Fighting Chance(72)
“I take it you’re not talking about Mikel Dekanian.”
“I think the odds are that Mikel Dekanian met some friend of his somewhere and they tied one on but good, and he’ll show up in a couple of hours with egg on his face.”
“Is Mikel prone to that kind of thing?”
“No,” Russ said, “but you don’t have to be prone to that kind of thing to do it. And that is the way these things usually turn out. I’ve seen maybe six of them in my career, and that’s the way all of those turned out. No, it’s not Mikel. It’s not even the mortgage thing. I’ve made some progress in the mortgage thing.”
“If it helps any, Tibor isn’t talking to me any more than he’s talking to you,” Gregor said.
“You know who he is talking to?” Russ asked. “Hannah Krekorian. Hannah went over to the jail to see him yesterday, and he saw her. Agreed to talk to her through those telephone hookups.”
“All right,” Gregor said. “That could be a good sign. Did you talk to her? Did she tell you anything Tibor said?”
“I didn’t talk to her, Donna did,” Russ said. “And from what I gather, he said practically nothing, and she spent the entire visiting time crying and accusing him of things. You know Hannah. And what does that mean, that he’d talk to Hannah and not to either of us?”
“It could mean he’s ashamed of himself,” Gregor said.
“Do you believe that?”
“No,” Gregor said. “At least, not in the way it sounds. I don’t think he killed that woman and now he’s afraid to face us. I think maybe he’s afraid to talk to us because he knows that if he did talk to us, he might not be able to keep his silence about what actually happened. I just wish I could think of what that might be.”
“Right,” Russ said. “I wish I could think of anything. I’d better go home, Gregor. Donna’s probably frantic. And Bennis will be home in a minute. I’ve actually got work to do today.”
“I know,” Gregor said. “So do I.”
“It’s just so strange,” Russ said. “I always knew Tibor was the bedrock of this neighborhood, but I think I always thought of that as an abstraction. It’s just so strange for him not to be here. As if the whole place has emptied out.”
“I know exactly what you mean,” Gregor said.
And he did.
TWO
1
When Father Tibor Kasparian was honest with himself, he had to admit that he was going a little crazy. He was almost certain that he would be allowed to have books if he asked for them. He’d seen that on television once or twice. Even prisoners on death row were allowed to have books. What he wasn’t so clear on was the way it worked. Was there a prison library somewhere, where he could borrow books? He hadn’t seen a prison library or heard of one, but he spent all but an hour a day in this small cell. Anything could be going on out there, and he wouldn’t know about it.
Maybe the problem was that he was not in prison. He was in jail. He had been vaguely aware, before all this happened, that there was a difference, but he’d never paid much attention to it. Jail was where you waited for your trial. Prison was where you served your sentence. He was pretty sure he had that right. He wondered if prison was like this, with small cells with solid doors and almost no way to look out. He wondered if prisoners were like this, not just cooped up but also so bored, it was hard to remember how to breathe. If they were, then Tibor Kasparian was no longer the least surprised that there were prison riots.

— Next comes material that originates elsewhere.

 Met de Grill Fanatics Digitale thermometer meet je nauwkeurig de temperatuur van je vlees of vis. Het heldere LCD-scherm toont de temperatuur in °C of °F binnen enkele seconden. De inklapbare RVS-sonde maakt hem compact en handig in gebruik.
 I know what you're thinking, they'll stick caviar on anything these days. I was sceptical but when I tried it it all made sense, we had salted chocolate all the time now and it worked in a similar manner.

Somewhere along the line, Tibor had passed through a barrier, and he knew it. He was bored and lonely and desperately isolated. Things were going on in the world, and he knew about none of them. Things were going on with the case, yes, but they were also going on in the real world. There were elections coming up in a couple of months. There would be political ads and debates and television opinion shows where everybody was lying. There were episodes of Downton Abbey he hadn’t gotten around to watching on Netflix. He had not been in jail for a full calendar week, so the church was all right for the moment. It wouldn’t be all right in the long run. There would be no service Sunday, unless somebody did something drastic. Tibor didn’t see who would or what that would be. Sometime along the line, they would have to get another priest.

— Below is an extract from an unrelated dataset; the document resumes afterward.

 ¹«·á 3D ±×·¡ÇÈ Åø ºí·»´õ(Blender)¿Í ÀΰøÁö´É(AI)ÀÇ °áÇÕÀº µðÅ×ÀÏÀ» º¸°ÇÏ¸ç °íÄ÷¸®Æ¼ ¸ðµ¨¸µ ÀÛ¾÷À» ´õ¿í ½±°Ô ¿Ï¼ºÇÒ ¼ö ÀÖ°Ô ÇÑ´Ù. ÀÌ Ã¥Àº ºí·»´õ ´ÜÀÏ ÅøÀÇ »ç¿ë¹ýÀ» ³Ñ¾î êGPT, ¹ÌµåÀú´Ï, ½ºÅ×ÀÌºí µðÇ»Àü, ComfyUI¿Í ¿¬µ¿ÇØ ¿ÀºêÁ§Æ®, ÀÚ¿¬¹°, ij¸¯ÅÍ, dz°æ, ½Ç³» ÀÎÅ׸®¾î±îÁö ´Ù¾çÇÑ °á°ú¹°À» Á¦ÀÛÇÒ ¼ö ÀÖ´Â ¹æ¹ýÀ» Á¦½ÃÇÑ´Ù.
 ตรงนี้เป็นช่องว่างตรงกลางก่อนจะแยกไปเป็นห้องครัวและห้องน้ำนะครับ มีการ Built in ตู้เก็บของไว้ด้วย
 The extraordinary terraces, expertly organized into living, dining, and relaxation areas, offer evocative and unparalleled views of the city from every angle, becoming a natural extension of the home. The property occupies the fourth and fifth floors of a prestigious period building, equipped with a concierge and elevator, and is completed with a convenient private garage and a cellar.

He wanted to think that the jails where they kept juveniles were not like this, but he was sure they were. He imagined Stefan Maldovanian locked up in a small room with nothing to do. He imagined Petrak Maldovanian, too, although Petrak would probably be sent to an adult prison. Closed up and bored. Losing their minds. Never making anything of themselves, because there was less and less of themselves to make every single day.